Sunday, February 6, 2011

Colouring Outside the Lines: All Things Bees

As some of you may or may not know, my Dad is a bee guru. That's him there, doing what he loves to do best. Bee keep. I spent a lot of my childhood avoiding the back section of our yard for fear of bee-stings from his many beehives. And boy have my sisters and I had our share of those stings. Mum would always get grumpy at the bee poo all over the sheets on the washing line. Dad eventually caved and moved his hives off site, and now has them scattered all over various places in Wellington.

I've always had a love hate relationship with those bees. The idea of creating a scrumptious product in a very natural way has always been intriguing, but I've watched way too many horror films of killer bee swarms to warrant showing much more of an interest. When I was little I would go as far as helping Dad to spin the honey comb frames in the extractor machine to collect the honey, and that was about it.

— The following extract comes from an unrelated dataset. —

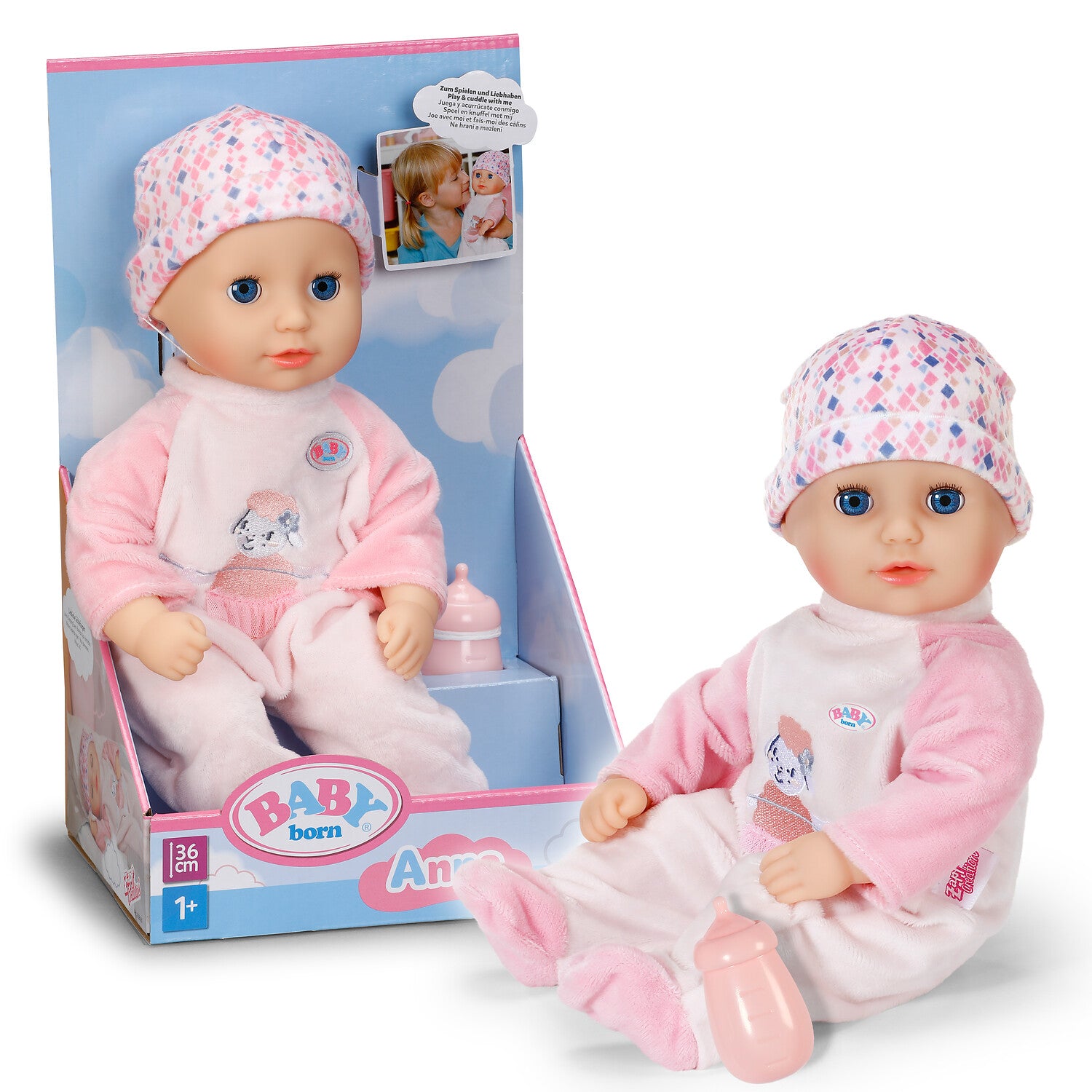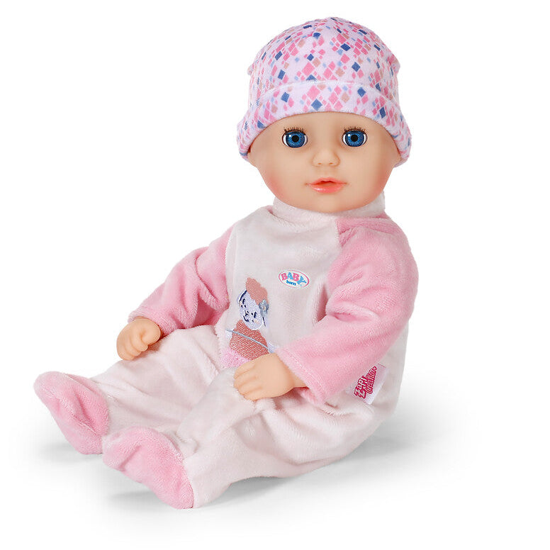BABY born Anna Rose invites you to cuddle with her soft fabric body and is the ideal first playmate for the little ones with her smaller size. If you lay them down for an afternoon nap after their bottle, their sleeping eyes close. In addition to her bottle, Anna also brings a pastel-colored, pink romper with a matching hat.

A couple of months ago, Dad became interested in a new hiving method, called a top bar hive, as opposed to those multi coloured boxes that we see on rural roadsides around the place. This method encourages the bees to create their own comb, instead of using the man made wax comb provided by a beekeeper in a standard hive. The frames hang inside the hive in such a way that the comb is formed in a natural 'V' or teardrop shape - essentially letting the bees form it to whatever shape they would like! This idea is gaining massive popularity as more and more people are looking to find the most natural way of producing honey as possible, and by letting the bees create their own comb, it is a big step in that direction. It's really fascinating stuff!

So Dad has harnessed this interest, and set about building a top bar hive. Today his new bee colony moved in. I decided to harden up, step outside my comfort zone and follow along. And I lasted pretty well, standing only a couple of metres from the hive taking photos, until a bunch of bees decided I was more interesting then their new home, and began crawling down my neck. That's when I ran, arms flailing in the opposite direction. But I'm still determined to keep following Dad's progress, so there will be more to come in the future!